USS S-36 (SS-141) Runs Aground
Originally built in 1918, USS S-36 was, at the time of her construction, on the cutting edge of technology. Armed with four torpedo tubes and a 4-inch gun, S-36 was, along with her sisters of the same "S" class, the workhorses of the American submarine force in the 1920s and 1930s.
A number of "S" class boats were assigned to the Asiatic Fleet, which operated out of American bases in the Western Pacific, including Qingdao, China (then known as Tsingtao) and Manila, Philippines.
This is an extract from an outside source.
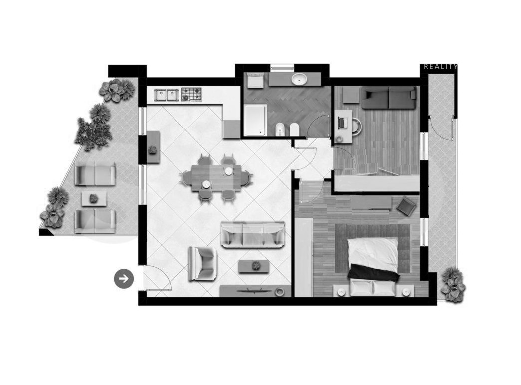 Apartmán s rozlohou 97m2 sa nachádza v dobre udržiavanej budove cca 5 min. od centra a len pár krokov od športového cetra (telocvične a bazén). Pozostáva s priestrannej, svetlej obývacej izby s kuchynskou časťou (30 m2) s priamym prístupom na krytú terasu (ideálna na stolovanie pod holým nebom), dvoch spální (obe so vstupm na druhú terasu,) a kúpeľne s oknom. Nechýba pivnica a kryté parkovacie miesto.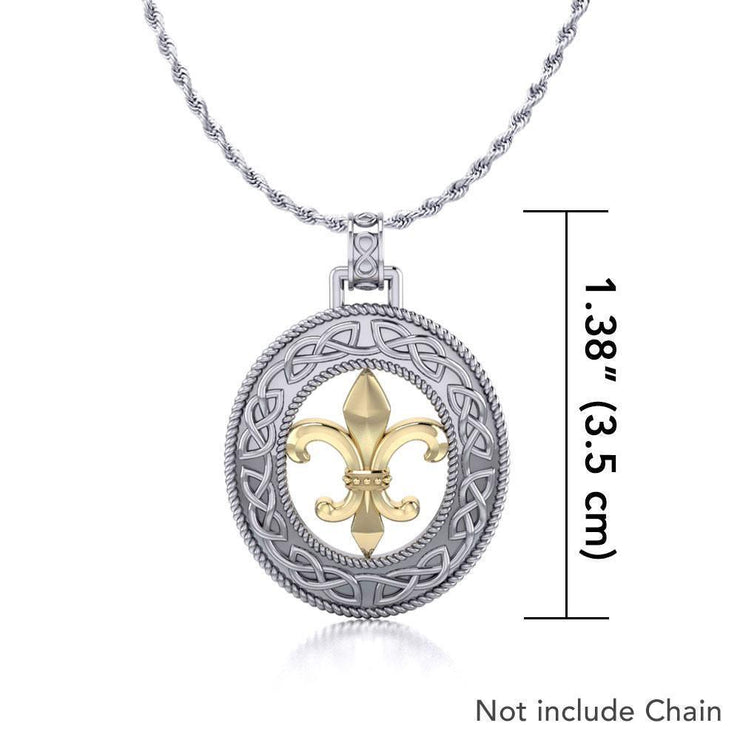 The symbol of nobility ~ Celtic Knotwork Fleur-de-Lis Sterling Silver with 14k Gold Accent Pendant MPD336

When hostilities broke out, S-36 was on patrol in the northern Philippines. Hampered by repeated equipment failures, S-36 ended her patrol on December 18th. After repairs, she was ordered to make a final patrol of Philippine waters, then retire to the East Indies, where Allied forces were gathering after the loss of the Cavite Naval Yard in Manila.
On January 1st, S-36 located a small Japanese transport tied up to the seawall in the port of Calapan, Philippines. She fired a single torpedo at her stationary target and claimed a sinking. However, postwar records could not confirm this.
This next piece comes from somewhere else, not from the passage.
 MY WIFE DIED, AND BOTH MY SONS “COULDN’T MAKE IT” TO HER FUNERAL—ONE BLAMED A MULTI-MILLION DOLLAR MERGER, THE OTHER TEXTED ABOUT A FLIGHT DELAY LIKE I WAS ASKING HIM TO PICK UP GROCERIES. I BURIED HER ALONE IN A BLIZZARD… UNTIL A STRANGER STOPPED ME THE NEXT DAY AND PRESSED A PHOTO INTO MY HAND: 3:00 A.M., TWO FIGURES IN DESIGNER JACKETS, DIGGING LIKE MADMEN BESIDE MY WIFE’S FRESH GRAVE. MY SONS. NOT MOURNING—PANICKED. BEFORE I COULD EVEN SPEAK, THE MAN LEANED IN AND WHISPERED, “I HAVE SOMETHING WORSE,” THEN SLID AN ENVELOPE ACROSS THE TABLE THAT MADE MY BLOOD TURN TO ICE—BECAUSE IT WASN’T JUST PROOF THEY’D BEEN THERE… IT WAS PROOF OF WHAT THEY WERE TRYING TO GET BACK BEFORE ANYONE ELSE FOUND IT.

At the end of her patrol, S-36 was ordered to Surabaya, Indonesia. During the trip, S-36 ran hard aground on a reef in Makassar Strait. Despite damage control efforts, the decision was made to abandon the submarine. Dutch forces evacuated the entire crew, who were reassigned to other submarines and continued to fight.
After all classified material was removed or destroyed, S-36 was left for the sea to claim.
S-36 was awarded one battle star for her WWII service.